Example how headline does not match story

The Christian Science Monitor is a major newspaper, but the disjunct between the headline and the text on an article about predatory control issues is classic.

This kind of contradiction between headline and text is one reason I often rewrite the headline on linked story.

“With predator populations rising, more calls for control. Western states grapple with how to address an increasing threat to livestock from wolves and big cats.” By Brad Knickerbocker. Staff writer of The Christian Science Monitor.

When you read it you will find that only predator populations specifically mentioned to be rising are cougars in Oregon and wolves in the Northern Rockies, and the text is quite balanced between those who worry about it and those who want to protect these large carnivores.

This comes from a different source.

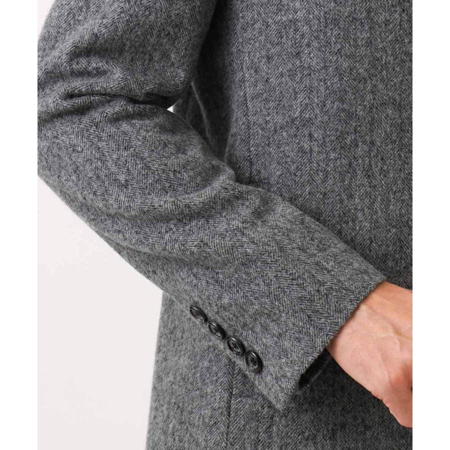 ・伝統と技術が息づく環境で丁寧に生産されたこの生地は、クラシックなヘリンボーン柄にビーバー仕上げを施すことで、奥行きのある表情と上品な光沢感を備えています。

2 Responses to “Example how headline does not match story”

  1. Linda Hunter Says:

    Oregon hasn’t counted it’s cougars but I believe they extrapolate the numbers based on sighting reports. . which is really interesting because just across the river from Oregon where I live I have discovered by tracking that cougars are not much more numerous . . they have just moved into town. The cougars who used to live 20 miles out of town have followed the deer who have moved to where there are gardens and golf courses to eat year around. . so people see them more, hence they think there are more of them. The hunters can’t seem to find any without dogs so they want to use dogs again in Oregon and Washington because they think that is the only way to get one. . instead they should legalize cougar hunting on golf courses, but then when they kill the town cougars they will have to go on the endangered list because there aren’t very many left in the wilderness.

  2. Larry Thorngren Says:

    A better way to deal with cougars that come into town is to call the fire department.
    In Waterton Lakes National Park in Alberta, a cougar that shows up in the Waterton townsite is knocked down and chased out of town with a high pressure fire hose.
    It gives the volunteer fire department some practice and conditions the cats to stay where they belong.